● **TO DO**
Exact transcription, pictures omitted: reproduce the listing below.

● **PROVIDED INFORMATION**
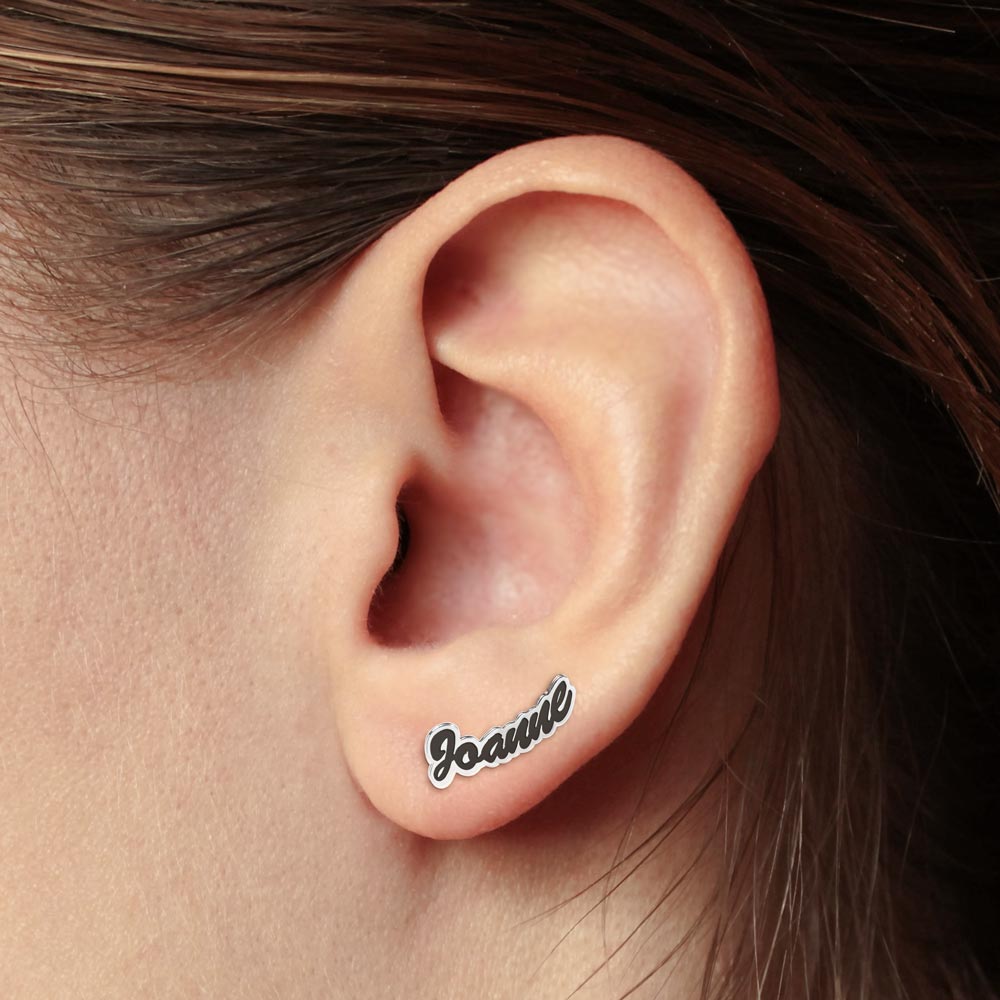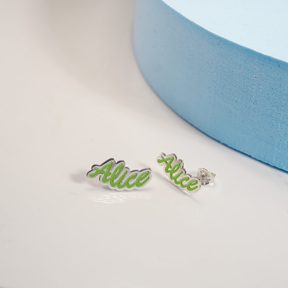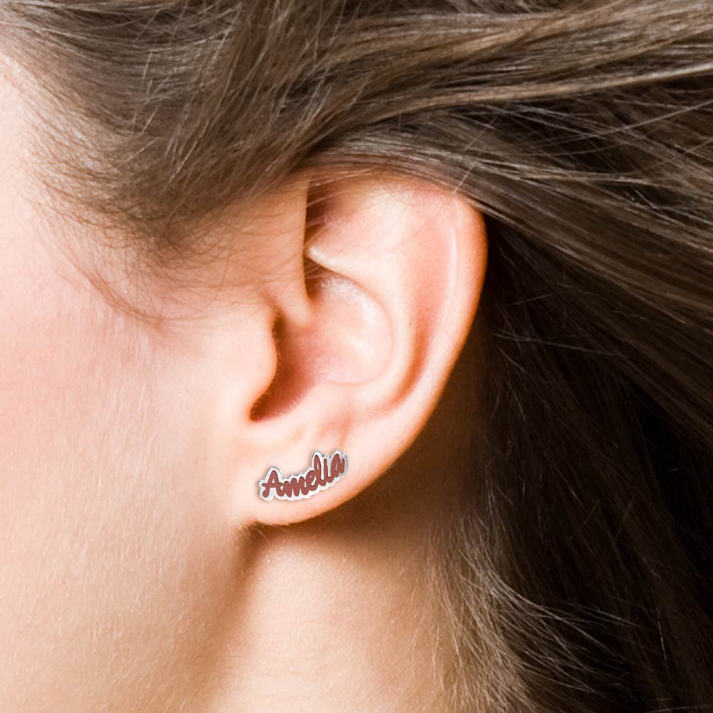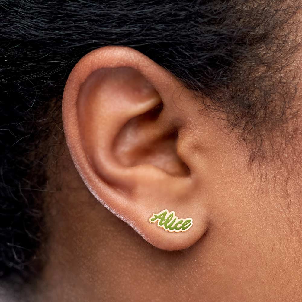 This pair of Color Enamel Script Name Earrings is available in Solid .925 Sterling Silver, Gold Plated, Rose Gold
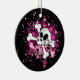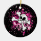 Girlie skull and crossbones with bow is surrounded by an explosion of pink with hearts and stars.
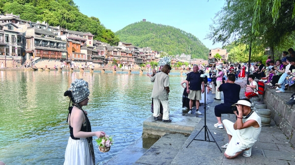 天下凤凰,旅拍天堂。节日期间,凤凰古城身着五彩斑斓民族服饰的年轻男女,在摄影师的镜头前留下美好靓影。蓬勃发展的旅拍产业背后,离不开1026家旅拍店及其1万余名从业人员。2023年,湘西州旅拍产业总收入突破5亿元,旅拍已然成为区域经济发展的又一动力。
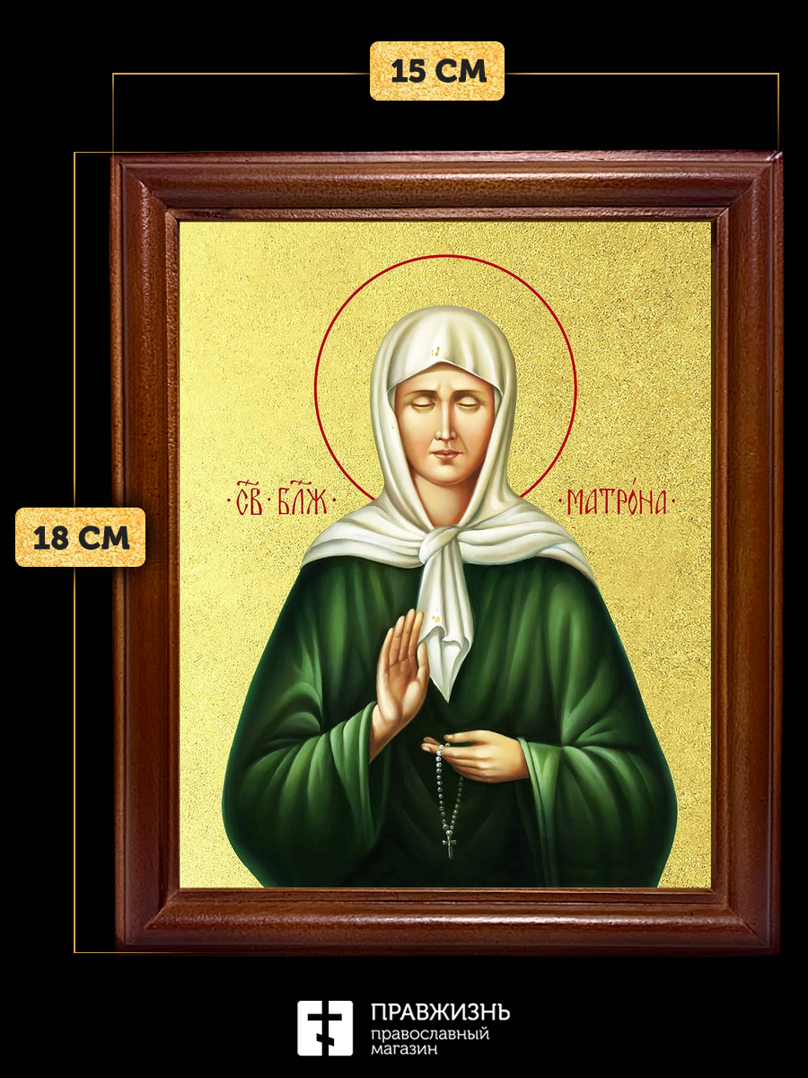 Икона Матрона Московская блаженная с золочением, деревянная рамка со стеклом 15х18х2 см 103
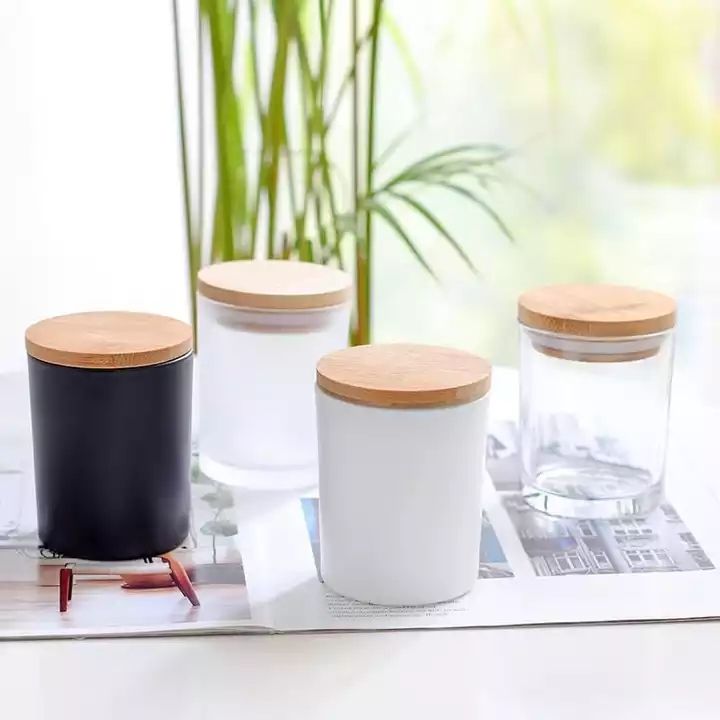 Custom Logo Empty Matte Black Wide Mouth Small Candle Jar Candle Jars Glass with Lid |
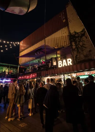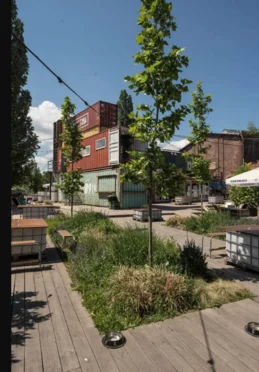 Architektura: oferta 100czni obejmuje przestronną halę (tzw. 100cznia Inside) oraz teren otwarty (100cznia Outside) z kilkunastoma lokalami gastronomicznymi, sceną koncertową, plażą miejską i galerią street artu. Obiekt łączy kontenerową architekturę z działalnością kulturalną i gastronomiczną. 100cznia Outside działa od maja do końca września, zaś 100cznia Inside - przez cały rok.
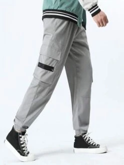 Manfinity Hypemode Men Letter Graphic Buckle Detail Flap Pocket Drawstring Waist Cargo Pants
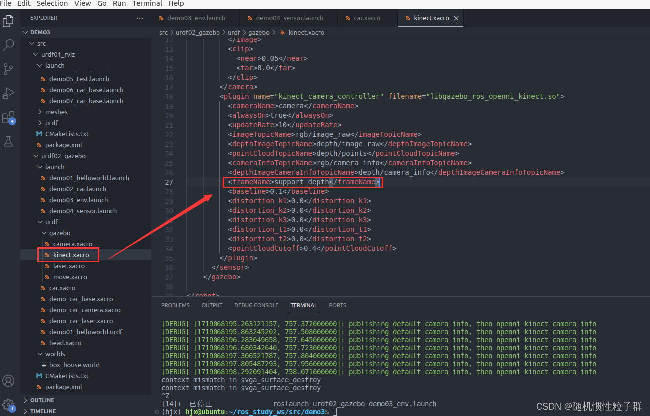 1.在插件中为kinect设置坐标系,修改配置文件的<frameName>标签内容:
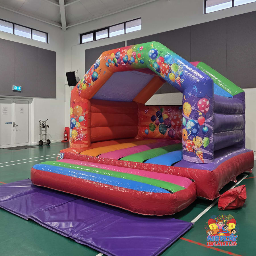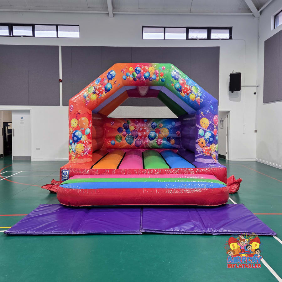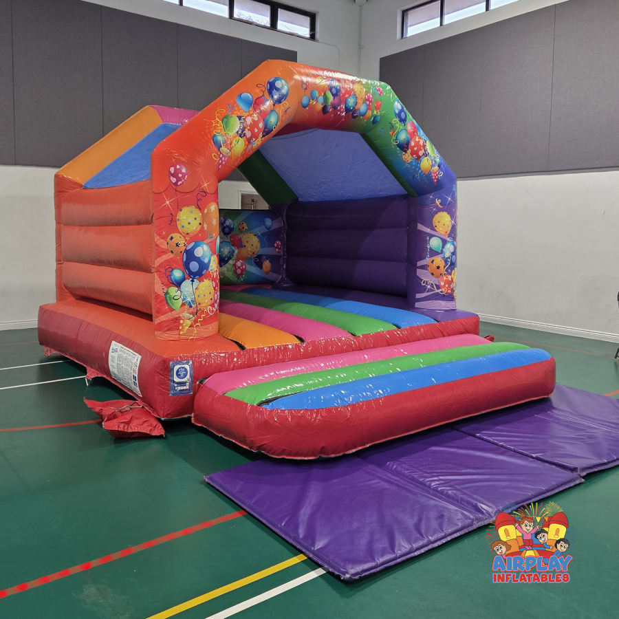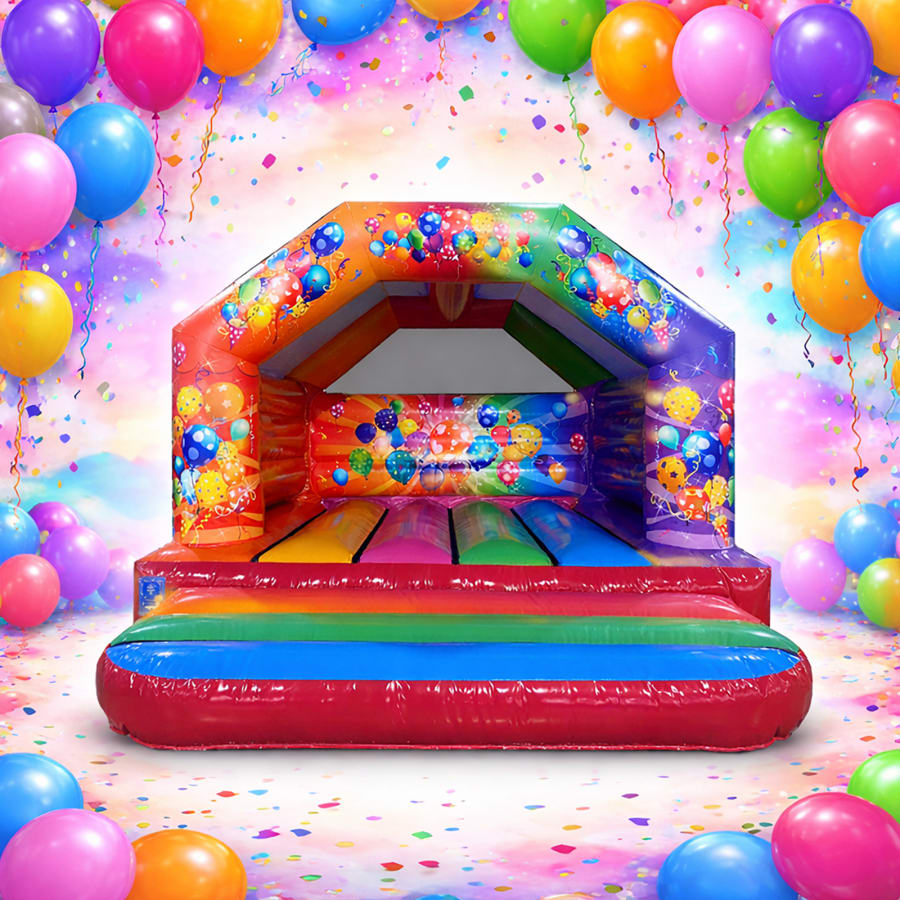 Planning an unforgettable celebration? Elevate your event with our Party Bouncy Castle, a vibrant and fun-filled addition perfect for birthdays, family gatherings, and special occasions! Featuring a delightful multi-coloured design, this party-themed bouncy castle is adorned with cheerful balloon graphics, adding a party touch that excites kids will love.
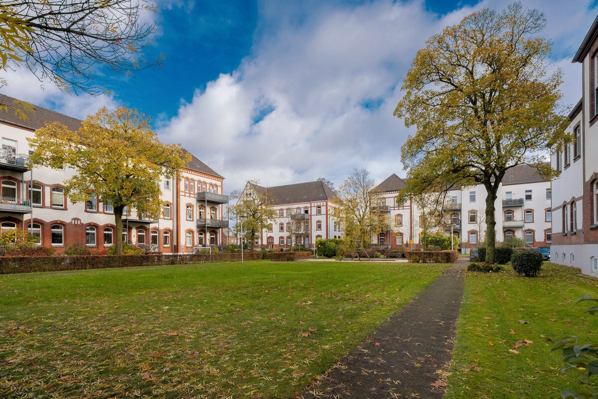Wesel'deki geniş ve aile dostu üç odalı dairemize hoş geldiniz! Altı kişiye kadar yetecek kadar geniş olan konforlu konaklama yerimiz, hak ettiğiniz dinlenme veya iş seyahatiniz için mükemmel bir ortam sunuyor. → 2 adet konforlu çift kişilik yatak → Ulaşım kolaylığı ve özel otopark 5. ve 6.→ misafir için çekyat → Waipu TV + akış seçeneği sunan akıllı TV → Mutfak Tren istasyonu, restoranlar ve mağazalar→ yürüme mesafesinde Sizi görmek için sabırsızlanıyoruz!

● **RESPONSE AREA**
 This pair of Color Enamel Script Name Earrings is available in Solid .925 Sterling Silver, Gold Plated, Rose Gold
 Girlie skull and crossbones with bow is surrounded by an explosion of pink with hearts and stars.
 天下凤凰,旅拍天堂。节日期间,凤凰古城身着五彩斑斓民族服饰的年轻男女,在摄影师的镜头前留下美好靓影。蓬勃发展的旅拍产业背后,离不开1026家旅拍店及其1万余名从业人员。2023年,湘西州旅拍产业总收入突破5亿元,旅拍已然成为区域经济发展的又一动力。
 Икона Матрона Московская блаженная с золочением, деревянная рамка со стеклом 15х18х2 см 103
 Custom Logo Empty Matte Black Wide Mouth Small Candle Jar Candle Jars Glass with Lid |
 Architektura: oferta 100czni obejmuje przestronną halę (tzw. 100cznia Inside) oraz teren otwarty (100cznia Outside) z kilkunastoma lokalami gastronomicznymi, sceną koncertową, plażą miejską i galerią street artu. Obiekt łączy kontenerową architekturę z działalnością kulturalną i gastronomiczną. 100cznia Outside działa od maja do końca września, zaś 100cznia Inside - przez cały rok.
 Manfinity Hypemode Men Letter Graphic Buckle Detail Flap Pocket Drawstring Waist Cargo Pants
 1.在插件中为kinect设置坐标系,修改配置文件的<frameName>标签内容:
 Planning an unforgettable celebration? Elevate your event with our Party Bouncy Castle, a vibrant and fun-filled addition perfect for birthdays, family gatherings, and special occasions! Featuring a delightful multi-coloured design, this party-themed bouncy castle is adorned with cheerful balloon graphics, adding a party touch that excites kids will love.
Wesel'deki geniş ve aile dostu üç odalı dairemize hoş geldiniz! Altı kişiye kadar yetecek kadar geniş olan konforlu konaklama yerimiz, hak ettiğiniz dinlenme veya iş seyahatiniz için mükemmel bir ortam sunuyor. → 2 adet konforlu çift kişilik yatak → Ulaşım kolaylığı ve özel otopark 5. ve 6.→ misafir için çekyat → Waipu TV + akış seçeneği sunan akıllı TV → Mutfak Tren istasyonu, restoranlar ve mağazalar→ yürüme mesafesinde Sizi görmek için sabırsızlanıyoruz!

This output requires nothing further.